Why Details in Google Places Pages Should Be Essential Content.

Yesterday I ordered pizza for home delivery. I turned to my smartphone, dialed up Google, clicked the Restaurants icon as a short cut into Places, searched for “pizza” and scrolled through the results.

I was on a mission to find a new pizza joint. My long time favorite independent pizzeria had shut down recently and after a spattering of trying the big national chains (I had been taking advantage of coupons that arrived in the mail) I had enough of mediocre pizza.

The search results are dominated by the big chains (Domino’s are very active in the local SEO space and kill it in many cities across the US and Canada) so I had to do some scrolling and investigating. Sorry Domino’s but your SEO skills were not enough to persuade me.

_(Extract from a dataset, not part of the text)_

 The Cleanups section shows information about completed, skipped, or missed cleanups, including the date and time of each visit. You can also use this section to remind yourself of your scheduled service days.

A couple prospects looked interesting and some others I was not sure about. Clicking through to the Places profile should give me some info like – do they deliver? Do they service my end of town? Basic stuff you’d want to know from a pizzeria. But that info was nowhere to be found. Seems Google, in it’s infinite wisdom has decided, with the recent cosmetic update of Google Places profile pages, that descriptive text was no longer of value to users. I beg to differ.

One result, D’Agostino Italian, I was not sure if they were just a sit in restaurant that happened to also make pizza. My wife and I thought that was the case but were not sure, and Google was telling me nothing other than a Name, Address and Phone Number (NAP). The listing is claimed and verified by the owner, but there is no link to a website, they must not have one. I bet the info I wanted used to be there on the profile page.

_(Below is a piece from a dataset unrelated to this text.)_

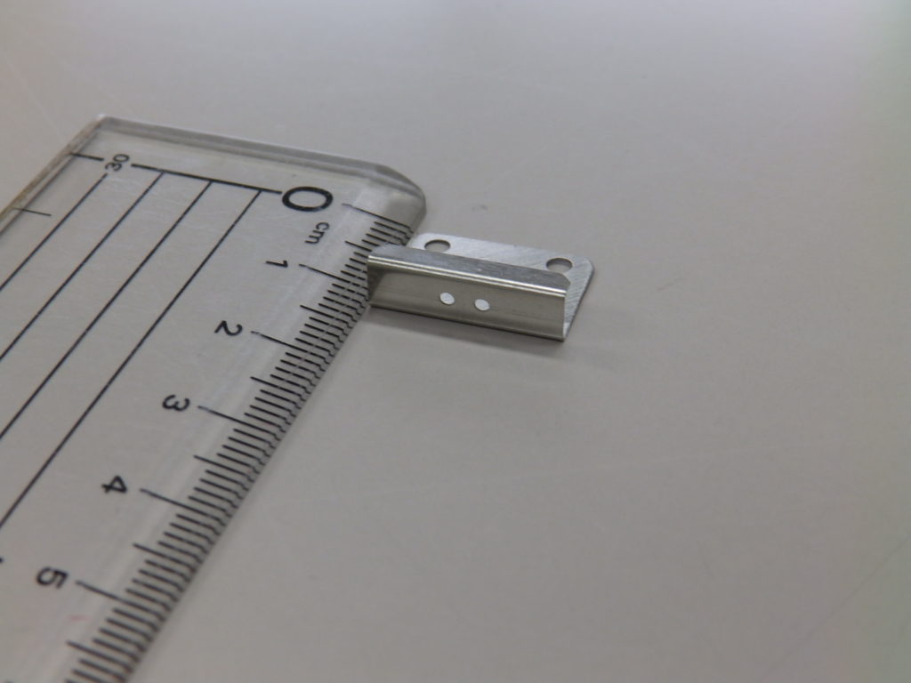 白アルマイト処理を施した品物です。板厚1ミリに皿穴をあけています。

In the end I chose Canadian 2 for 1 Pizza, a smaller regional chain. Listing off names to my wife she recalled that Bill, downstairs neighbor, usually orders from them. Google was not supplying enough info to make a decision on my own. It required the collective wisdom of me and my wife with Google only giving us a long list of names and phone numbers. Are we almost back to the basics of mere phone books again?

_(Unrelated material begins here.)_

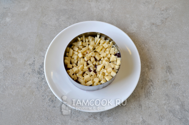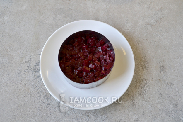 Для "сборки" тартара воспользуйтесь кулинарным кольцом. Положите в кольцо нарезанную свеклу. Ложкой свеклу уплотните.

So there, a perfect everyday example of why Google should be keeping the descriptions, and likely the additional info fields for display on Places pages.

Apparently the basic descriptions missing is just a bug still being worked on. But also MIA, and likely for good are “more about this place” citations, 3rd party reviews, even email addresses, service areas, menus and other additional details fields. What is all this? A cleanup before Google+ integration, a flex of muscle to squeeze out other big boys in the local space, or preparations for paid inclusion? Perhaps all of the above.

I’m all for clean design, minimalism and lots of white space to make web pages more user friendly, but when you remove essential information, information users rely on to make decisions, what then has a re-design accomplished?

3 Comments on “Why Details in Google Places Pages Should Be Essential Content.”

Nyagoslav on July 27th, 2011 wrote:

I believe it is a matter of time until the “Details” section is being returned to the Place page. It is not a bug I think. It is probably coming from the fact that in this section there was both data coming from the business owner themselves, and third-party sources. Probably they are working on removing the scraped data from the third-parties. Just a personal opinion.

Mark on September 16th, 2011 wrote:

I hope that they revert back to how they were set up before. You make a great point regarding the loss and usefulness of the description box.
I do like the clean background/whitespace as you say. Hopefully Google will move in the right direction and either fix the bug issue or allow for free “Descriptive” business listings again through G+.


Sarah Schager on September 16th, 2011 wrote:

Agreed. I have been feeling the same way about the redesign. I know it is supposed to place a higher emphasis on reviews instead of citations as far as results rank, but you’re right about the descriptions.